Le visage fermé, les traits de Booba sont rigides. Impassible, sa face ne transmet aucune émotion. L’esthétisme est clairement mis de côté. Ses pores sont apparents. Sa barbe semble avoir été rasée la veille. Le « 7 » tatoué sur sa pommette droite complète ce raisonnement. Né le 7/7/73, la disparition subite de son « meilleur srab » Bram’s a enlevé une part de sa personne. Les choses ne sont plus les mêmes. Les tournages de clips sont différents. L’unité 92i a perdu son colonel. Malgré tout, une règle fondamentale régit la diapositive : la symétrie. Tout est parfaitement centré (le « U » du bonnet, ses yeux, le point de rencontre de ses deux index, sa figure… etc.). Les proportions sont respectées et les figures géométriques fusent de toutes part. Enfermé dans cette approche artistique, au premier plan, B2O s’encage derrière un triangle imparable formé par ses deux mains. Un triangle comparable à la lunette d’un fusil ou bien à des théories bancales très à la mode sur la webosphère…

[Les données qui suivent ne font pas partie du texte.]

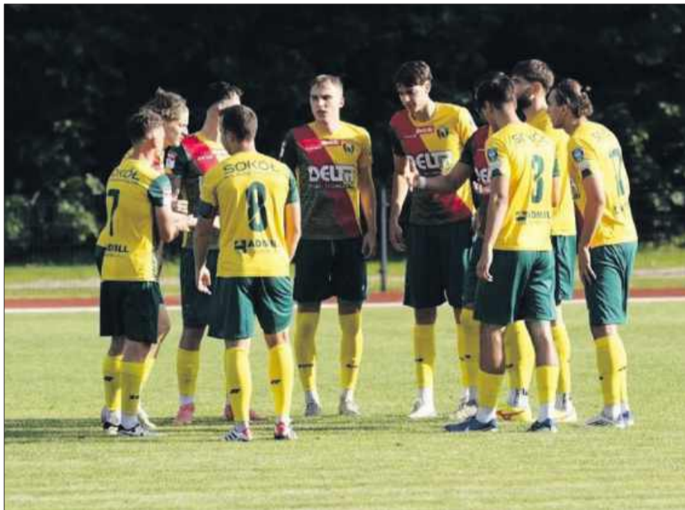
Sokół Kolbuszowa Dolna pokonał Siarkę Tarnobrzeg. To kolejne zwycięstwo.

Avia Świdnik - Sparta Kazimierza Wielka, 22 sierpnia, 17:00 Chelmianka Chelm - Czarni Połaniec, 23 sierpnia, 17:15 Korona II Kielce - Stal Kraśnik, 24 sierpnia, 12:00 Naprzód Jędrzejów - KSZO 1929 Ostrowiec Świętokrzyski, 24 sierpnia, 17:00 Pogoń-Sokół Lubaczów - Siarka Tarnobrzeg, 23 sierpnia, 16:00 Sokół Kolbuszowa Dolna - Wisła II Kraków, 22 sierpnia, 17:30 Star Starachowice - Świdniczanka Świdnik, 23 sierpnia, 19:26 Wisłoka Dębica - Podlasie Biała Podlaska, 23 sierpnia, 17:00 Wiślanie Skawina - Cracovia II, 22 sierpnia, 17:00
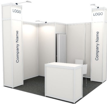
9 m 2 Beispiel
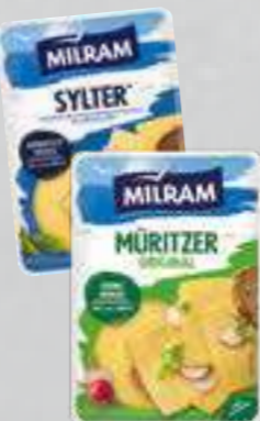
Milram Scheiben- oder Reibekäse versch. Sorten und Fettstufen je 150-g-Packung (1 kg = € 10,60)
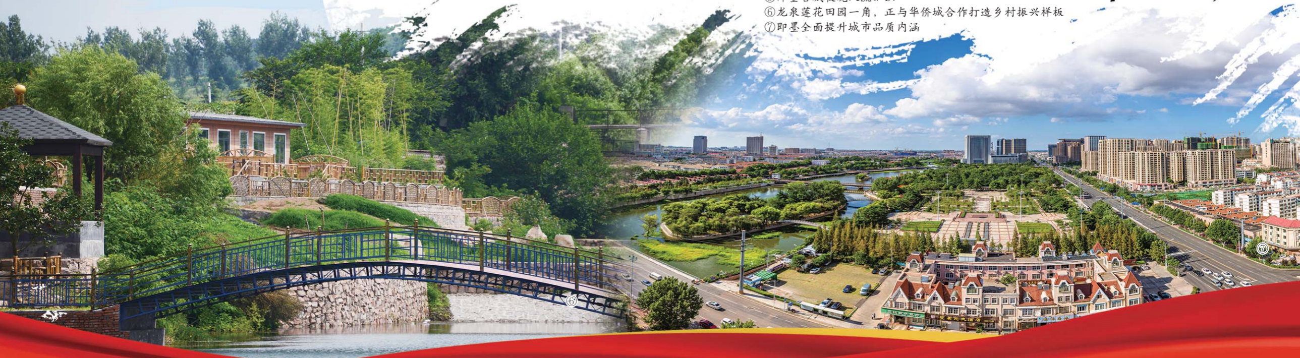
⑤即墨古城夜晚人流如织 ⑥龙泉莲花田园一角，正与华侨城合作打造乡村振兴样板 ⑦即墨全面提升城市品质内涵
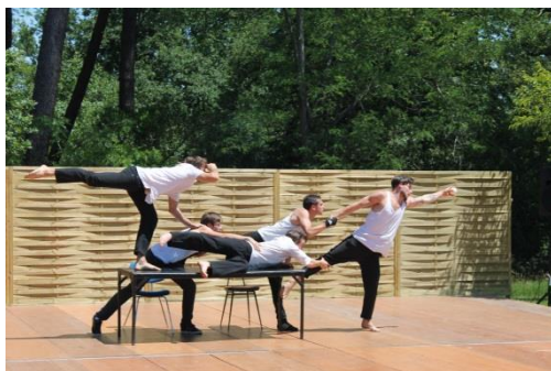
Echappée belle 2014

Sur Bordeaux, le Centre de Formation a tissé des partenariats forts (cours mutualisés, masterclass collectives...) avec d'autres structures d'enseignement artistique supérieur notamment le centre de formation de la Cie Révolution, Lullaby et l'ESTBA (Ecole Supérieure de Théâtre de Bordeaux en Aquitaine).
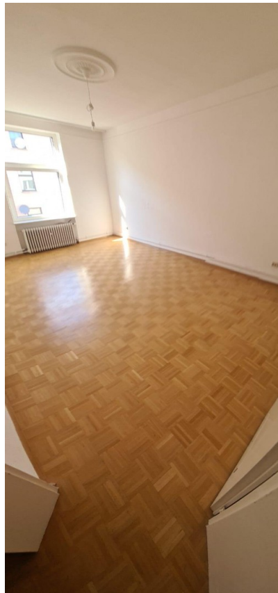
Wohnzimmer - leer
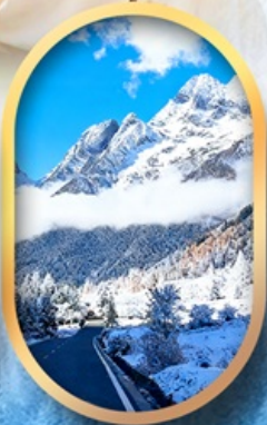
อุทยานสี่ครุณี
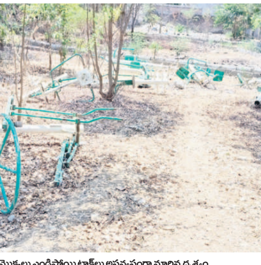
పార్కులోపల మొక్కలు అందిపోయే ట్రాక్లు అస్వస్థంగా మారిన దృశ్యం

ఆదిలాబాద్, మార్చి 31 (నమస్తే తెలంగాణ) : పట్టణవాసుల ఆరోగ్యంతోపాటు ఆహారాభివృద్ధిని ప్రోత్సహించే పాఠశాలలను కల్పించడానికి కేసీఆర్ ప్రభుత్వం ప్రారంభించిన మున్సిపల్ పార్కుల పరిస్థితి పరిస్థితిలోని పలు వాస్తవాలే గల ప్రభుత్వ ఫోటోలలో పార్కులను ఏర్పాటు చేశారు. కాలనీవాసులు ఉదయం, సాయంత్రం వాకింగ్ చేయడానికి ట్రాక్లు, వ్యాయామం చేయడానికి అవసరమైన పరికరాలను అందుబాటులో ఉంచారు. చిన్న పిల్లలు ఆడుకునేందుకు ఆట పరికరాలను ఏర్పాటు చేశారు.
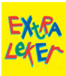
EXTRA LEKER INVESTERAR I SINA BUTIKER

ZetaDisplay har tecknat avtal med Extra Leker A/S i Norge avseende leverans av ZetaDisplays plattform för Digital Signage i deras butiker i Norge och Sverige. Extra Leker har valt att utrusta sina 16 butiker i Norge och Sverige med en lösning baserad på 3 till 4 monitorer i varje butik, en vid entrén och resten vid olika kampanjplatser i butikerna. Syftet är att via rörlig film visa upp de olika funktionerna i leksakerna och beskriva hur barnen använder dem i lek. Extra Leker är en kedja som investerar i stora butiker med leksaker till ett attraktivt pris. Att kommunicera med hjälp av digitala rörliga media är viktigt för kedjan då barn är upptagna med nya och moderna media och låter sig inspireras av skärmarna. Extra Leker ser lösningen med Digital Signage som en viktig komponent för att även i framtiden driva en framgångsrik leksakskedja. Kedjan har de senaste åren haft en stabil tillväxt och har som mål att växa ytterligare med hjälp av ZetaDisplays lösning för Digital Signage. Ordern värderas till 1,5 MSEK.
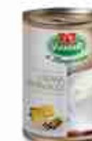
CREMA DI FORMAGGI C +0/4°C, conf. 800 g
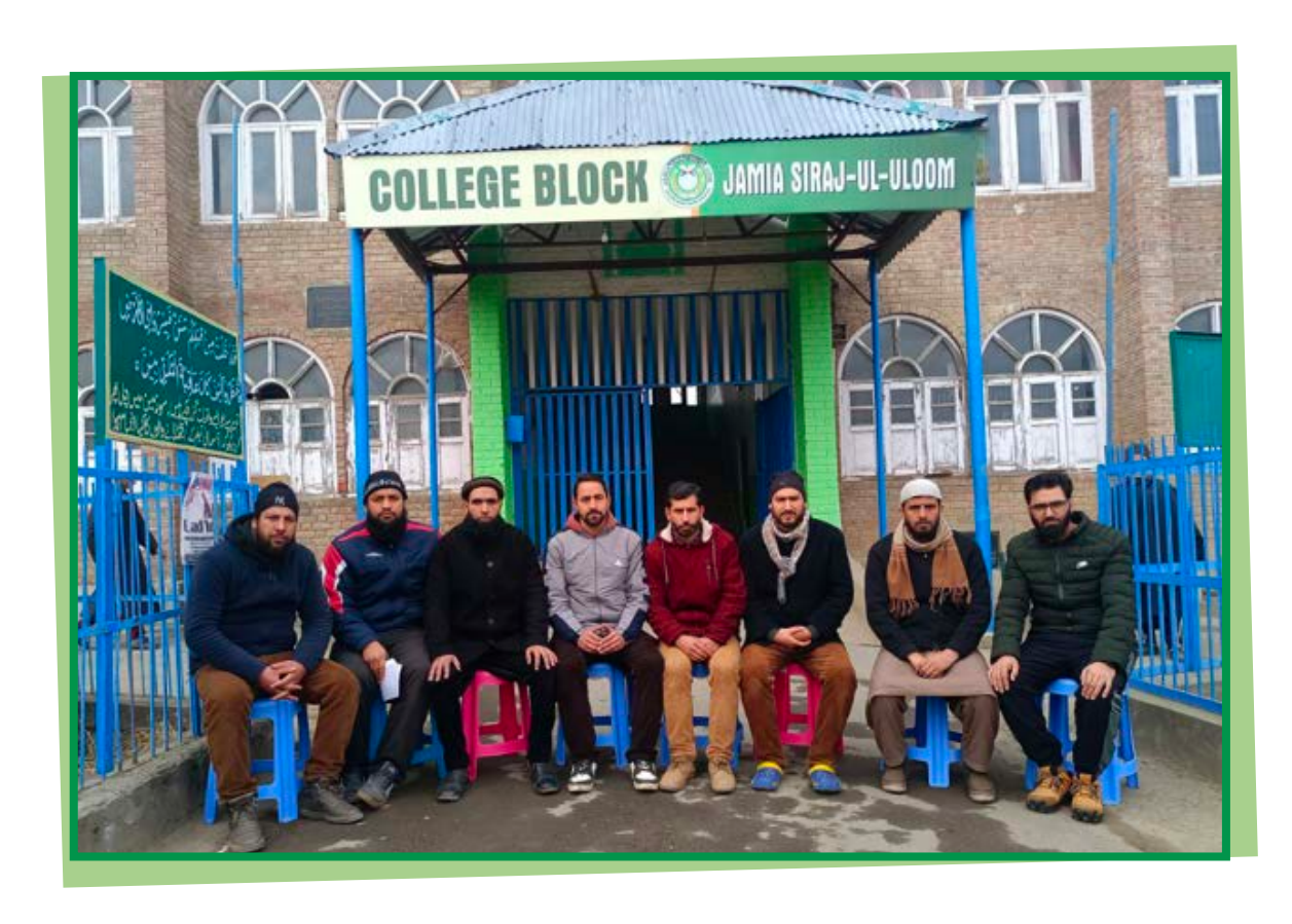
WORTHY PRINCIPAL WITH EDITORIAL BOARD
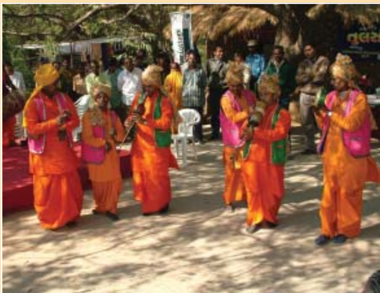
बीन पार्टी के बाजे

को बुरी हालत में रखते हैं। चाहते तो हम भी साँपों को मारकर खूब पैसा कमा सकते थे। तब हमारी जिंदगी इतनी मुश्किल भरी न होती। साँपों को मारने की बात तो दूर, ये तो हमारी पूँजी हैं जो हम अपनी आने वाली पीढ़ी को सौंपते हैं। साँपों को तो हम अपनी बेटियों को शादी में तोहफ़े के रूप में भी देते हैं। हमारे कालबेलिया नाच में भी साँप जैसी मुद्राएँ होती हैं।
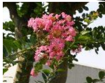
◎サルスベリ(別名:百日紅)
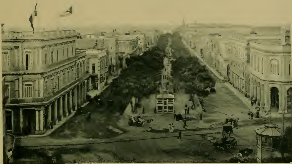
Vista del Prado. The Prado.
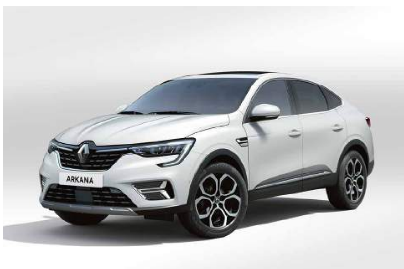
blanc opaque (1) (ov)
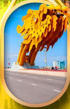
สะพานมังกรคานัง
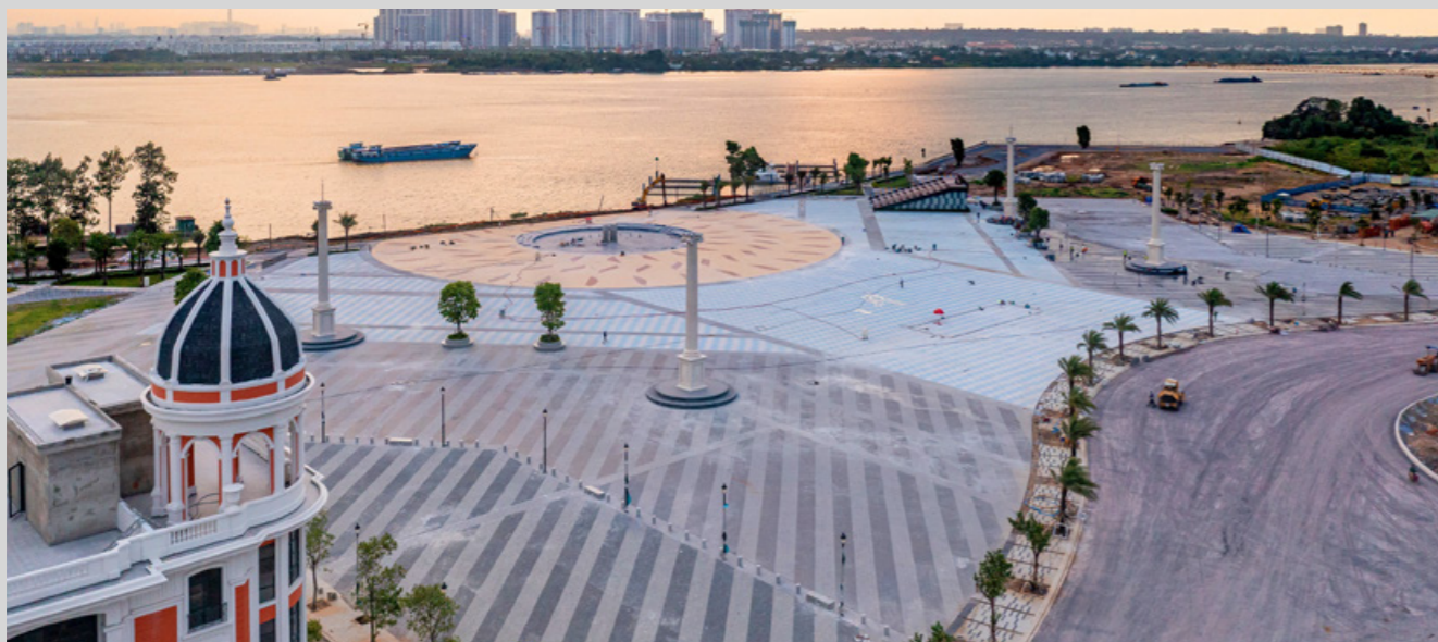
Tổ hợp Quảng trường - Bến du thuyền Aqua Marina đẳng cấp đang trong giai đoạn hoàn thiện để ra mắt vào tháng 8 này.

« Ainsi les derniers seront les premiers, et les premiers seront les derniers, car il y a beaucoup d’appelés, mais peu d’élus » – Saint Matthieu.
La référence est biblique, mais la parole de l’évangile Matthieu colle parfaitement au rappeur de Boulbi. Récurrent dans ses thèmes, album après album, morceau après morceau, Booba martèle souvent cette fierté d’avoir réussi sans « aucun diplôme valable » dans une société qui ne le voyait pas ailleurs qu’à Bois-D’Arcy. Les jeux étaient faits, mais en tirant les bonnes cartes une à une, il a fini par « s’acheter une piaule à Miami Beach » et devenir l’attraction numéro une du rap français. Aujourd’hui, cette ascension sociale sans piston ni plafond est à double-tranchant. D’un côté, le duc peut être pris comme exemple de réussite. De l’autre, il peut paraître à des années lumières de nous. En somme, pendant que nous sommes sous la grisaille parisienne, lui dore sous le soleil de la Barbade. Pendant que nous songeons minutieusement à prendre nos vacances en juillet pour ne pas empiéter sur les congés notre collègue au mois d’août, lui, s’exile quand bon lui semble. Pendant que nous envoyons des textos à notre bien-aimée, lui, expédie des diamants à sa go. Ou encore, pendant que nous l’écoutons tranquillement, lui, est peut-être à Miami… Pourtant, l’artiste du 100-8-Zoo n’a fait « que » saisir chaque opportunité qui lui a été donnée. Un triomphe si rare qui le différencie du commun des mortels, quitte à le faire entrer dans une nouvelle case : une société secrète.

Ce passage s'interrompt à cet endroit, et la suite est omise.